At instruction selection this turned into:
n23246n ( 0) compressedRefs [0x7f24d91551e0] bci=[27,5,731] rc=0 vc=13 vn=- li=229 udi=- nc=2
n23244n ( 2) l2a (in &GPR_0x7f24776f67c0) [0x7f24d9155140] bci=[27,5,731] rc=2 vc=13 vn=- li=229 udi=26560 nc=1
n53230n ( 0) iu2l (in &GPR_0x7f24776f67c0) [0x7f2525cbee20] bci=[27,5,731] rc=0 vc=13 vn=- li=229 udi=26560 nc=1
n53229n ( 0) iloadi <array-shadow>[#233 Shadow] [flags 0x80000607 0x0 ] (in &GPR_0x7f24776f67c0) [0x7f2525cbedd0] bci=[27,5,731] rc=0 vc=13 vn=- li=229 udi=26560 nc=1
n23243n ( 0) aladd (X>=0 internalPtr ) [0x7f24d91550f0] bci=[27,5,731] rc=0 vc=13 vn=- li=229 udi=- nc=2 flg=0x8100
n23231n ( 0) ==>l2a (in &GPR_0x7f24776f5f40) (X!=0 )

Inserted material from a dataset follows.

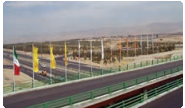
شکل ۷-۱۴- راه‌های استان

n23242n ( 0) ladd (highWordZero X>=0 cannotOverflow ) [0x7f24d91550a0] bci=[27,5,731] rc=0 vc=13 vn=- li=229 udi=7 nc=2 flg=0x5100
n45460n ( 0) lshl [0x7f247f3a7170] bci=[27,5,731] rc=0 vc=13 vn=- li=229 udi=5 nc=2
n23239n ( 0) i2l (in GPR_0x7f24776eced0) [0x7f24d9154fb0] bci=[27,5,731] rc=0 vc=13 vn=- li=229 udi=52944 nc=1
n46696n ( 0) ==>iRegLoad (in GPR_0x7f24776eced0) (cannotOverflow SeenRealReference )
n45461n ( 0) iconst 2 (Unsigned X!=0 X>=0 ) [0x7f247f3a71c0] bci=[25,5,222] rc=0 vc=13 vn=- li=229 udi=1 nc=0 flg=0x4104
n23241n ( 0) lconst 0xfffffffe08000008 (X!=0 X<=0 ) [0x7f24d9155050] bci=[27,5,731] rc=0 vc=13 vn=- li=229 udi=1 nc=0 flg=0x204
n260n ( 0) ==>lconst 0 (highWordZero X==0 X>=0 X<=0 )
------------------------------
[0x7f24776f66b0] movsxd GPR_0x7f24776eced0, GPR_0x7f24776eced0 # MOVSXReg8Reg4
[0x7f24776f6840] mov &GPR_0x7f24776f67c0, dword ptr [&GPR_0x7f24776f5f40+4*GPR_0x7f24776eced0-0x1f7fffff8] # L4RegMem, SymRef <array-shadow>[#233 Shadow +134217736] [flags 0x80000607 0x0 ]
and -0x1f7fffff8 == 0xfffffffe08000008, which was the value of the displacement at the time of the assert. The dump writer itself seems to have crashed with the same "64-bit displacement" assert while trying to print off the VFP Substitution later on in the log, just after printing the line for movxsd.
Attn @mpirvu, though I'm fairly sure at this point that the assert is not JITServer-specific.
I think my understanding of the situation is correct, but maybe @hzongaro could comment. I'm not sure what the correct behaviour here should be. Also, should the other "64-bit displacement" asserts in that same file be made fatal?
Though, I suppose that all of that optimization could be correct. The assert does mention TR_AMD64MemoryReference::generateBinaryEncoding, which no longer exists. I'm not sure where in OMR::X86::AMD64::MemoryReference::generateBinaryEncoding() this would have been handled.
@BradleyWood, may I ask you to have a look at this? It hits a fatal assertion you had introduced in OMR pull request eclipse/omr#6937, which fixed issue #15363.
It's actually a non-fatal assert with the same message. I was running this test with a debug build.
It's actually a non-fatal assert with the same message. I was running this test with a debug build.
Ah! Thanks for the clarification.
I will take a look. Looks like this is the assert firing. Probably not related to eclipse/omr#6937
No, not directly related - just related in the sense that there's another case that a large displacement has made it through to binary encoding.
I don't think there is a functional issue here. The memory reference code could use some cleanup, but the binary length estimation code in OMR::AMD64::estimateBinaryLength() should account for an address load instruction.
Moving this out to the “Future” release for now, as it appears, from @BradleyWood’s analysis, that the TR_ASSERT itself needs cleaning up. It does not represent a functional problem.